Валентин Алексеев[ 16.03.2010 ]
   Аксель, приветствую! Ваши отклики меня всегда радуют, особенно тем, что позволяют взглянуть на обсуждаемый вопрос под каким-то другим углом. Я понял, о каком первом отклике Вы говорите - это было под моим обзором Финала ВКР-2008, я видел Ваш комментарий, но не ответил. Сознаю, что это было невежливо, и прошу у Вас прощения. Причина тривиальна - незадолго до написания того обзора наступил период всяческих неурядиц в жизни: как мелких, так и крупных. Собственно, он продолжается и по сей день.
   
   Поэтому я, наверное, не смогу развернуто Вам ответить. А Ваш комментарий требует не спора или дискуссии, а именно совместного обсуждения сложной проблемы. Тем не менее, я все же попробую изложить те свои основания, предпосылки, от которых я отталкивался и которыми руководствовался в статье, те представления, на основе которых строил рассуждение.

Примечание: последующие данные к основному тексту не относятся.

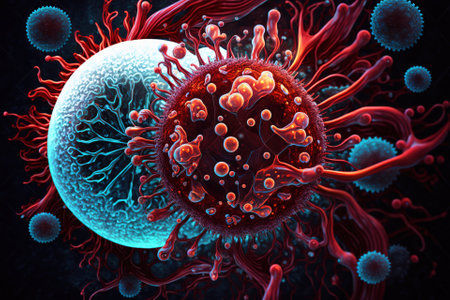 A vibrant and detailed visualization of a virus particle showcases the intricate structure and vibrant colors that represent the microscopic world of pathogens.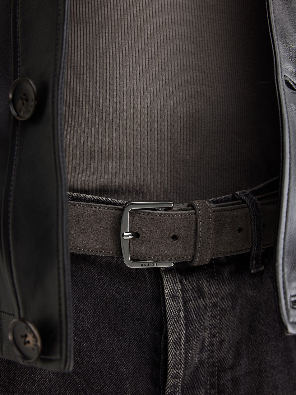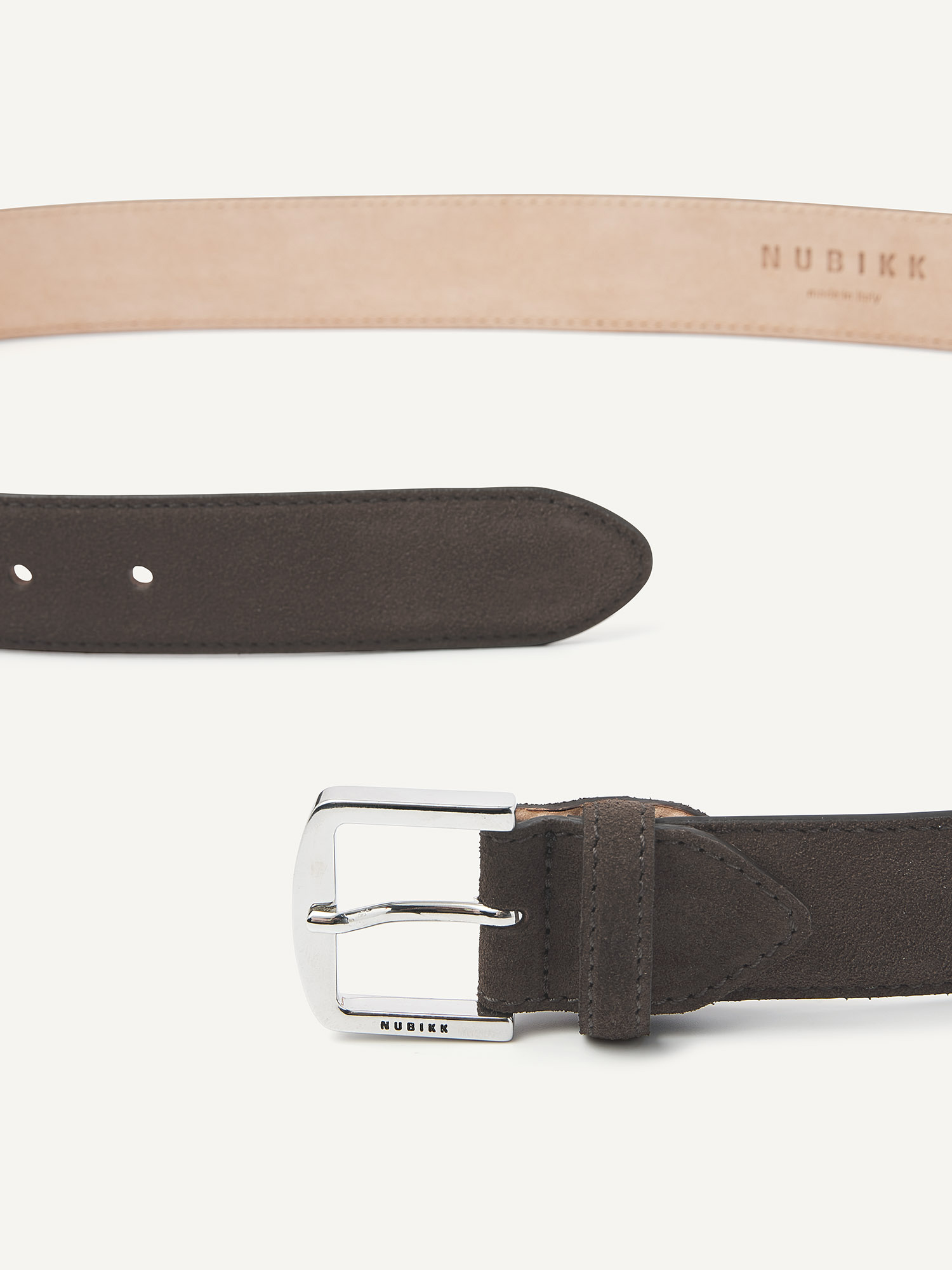 Der James Belt aus dunkelgrauem Veloursleder ist ein zeitloser Gürtel mit einer weichen, luxuriösen Ausstrahlung. Die silberfarbene Schnalle verleiht ihm einen modernen Look, der zu jedem Outfit passt. Gefertigt aus geschmeidigem Veloursleder und sorgfältig verarbeitet für eine angenehme Passform. Trage ihn zu Jeans oder Stoffhosen für einen eleganten, aber lässigen Stil.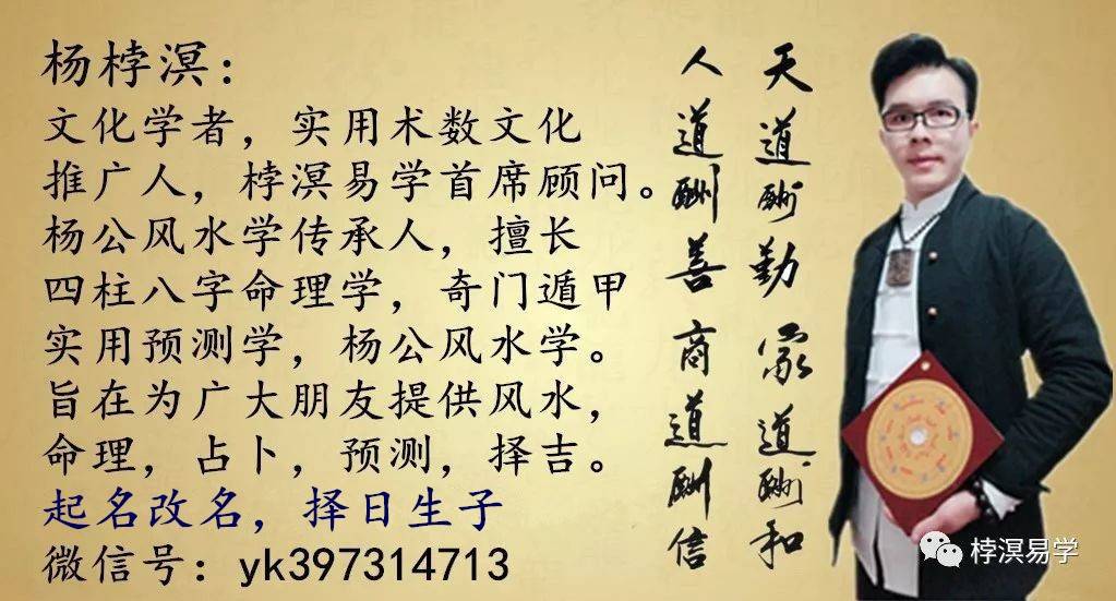 桲溟易学首席顾问,杨公风水传承人,文化学者,实用数术文化推广人!擅长四柱八字命理学,奇门遁甲。六爻占卜,杨公风水学。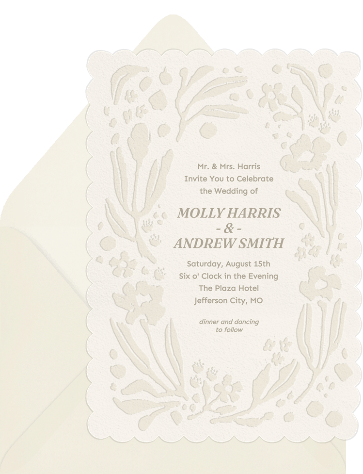 invitations bold letterpress florals creme wedding Designs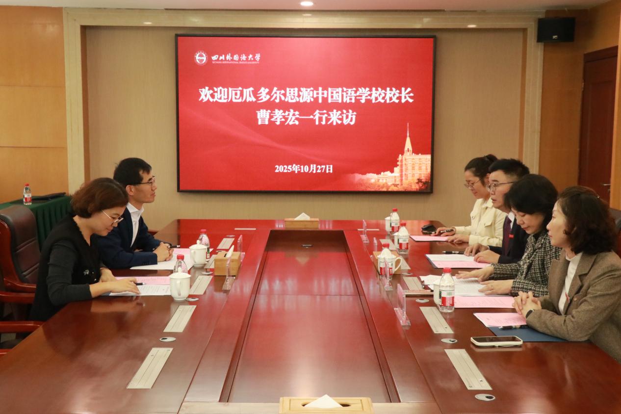 10月27日上午,厄瓜多尔思源中国语学校孔子课堂第三届理事会在西区立德楼A301会议室举行。思源中国语学校校长曹孝宏、主任张艳,我校校长董洪川、党委副书记苟朝莉出席会议。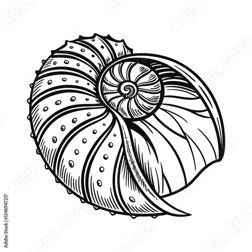 © Mizan, Obraz premium Seashell vector illustration, line drawing style, monochrome design, detailed vector, isolated on a white background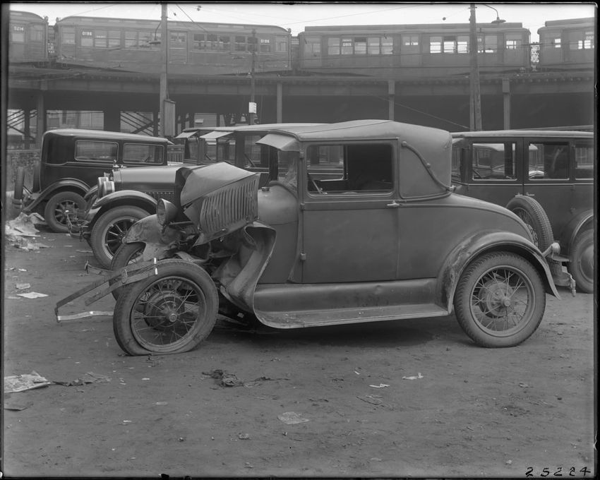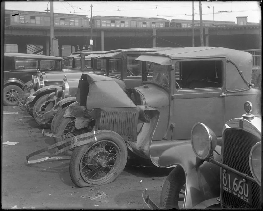 Ford Coupe Mass Re. 699-115 Car wrecked. Other cars.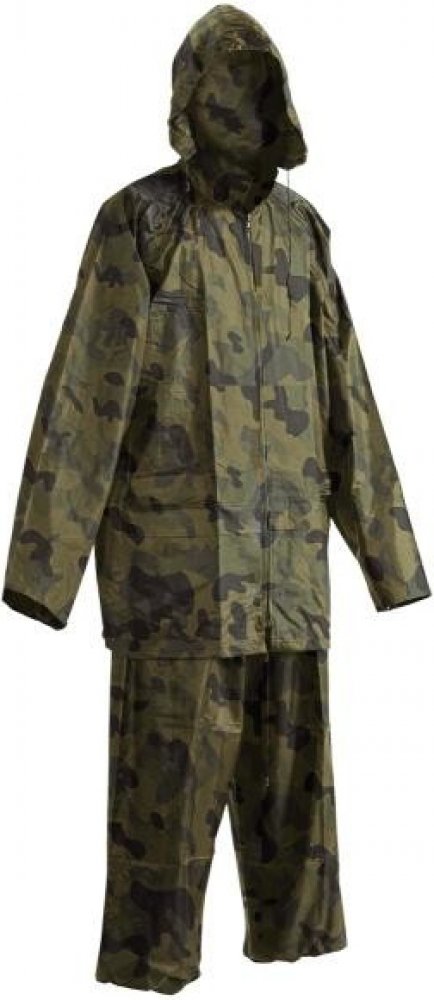 Dvoudílný voděodolný oblek s kapucí. 3 plášť s integrovanou kapucí v límci a kalhoty v pase do gumy. Dvě přední široké kapsy kryté légami proti průniku vody, spodní část rukávů lze regulovat drukem, ventilace na zádech a v podpaží, transportní obal.

Только сделаю это довольно тезисно.
   
   Но сначала технический момент - ссылка не работает, потому в ней есть пробел, а он не удаляется, хоть тресни. В темах на форумах, в комментариях ссылку почему-то можно привести в нужный вид, а вот в произведениях на личной страничке сделать это, видимо, невозможно. Поэтому ссылку нужно копировать целиком в адресную строку браузера и вручную убирать пробел.
   
   Ну а теперь - к нашему вопросу.
   Я сразу оговорюсь, что буду привлекать цитаты из того Вашего первого отклика, чтобы суть дела представала яснее.
   Собственно говоря, момент первый: Вы писали "К чему же цари, собственно, приходят: к мысли о бренности мира, бессмысленности войны, тщетности человеческих целей? Не кажется ли Вам это банальным? Значит, нет в жизни ничего, к чему стоило бы стремиться человеку, всё конечно, «геройство» - мишура, просвета нет, насилие побеждает, а боги, вроде как и не боги, но тоже несчастные существа, зависимые от рока? Не кажется ли Вам, что в мифах и сказаниях древних греков эта идея бренности тоже заложена? То есть древние воспевали подвиги богоравных героев, восхищались ими, пытались им подражать, но логика повествований приводила лучшие умы греков классической эпохи к заключению о тщете и бессмысленности «героических» подвигов. Интересно, что в последней экранизации Илиады Ахиллес, понимая, что смерти не избежать, решается идти на бессмысленное убийство, ибо только благодаря его личному участию в троянской войне память о нем сохранится в веках? Не пустое ли это тщеславие причем как с нашей точки зрения, так и с точки зрения стоиков?"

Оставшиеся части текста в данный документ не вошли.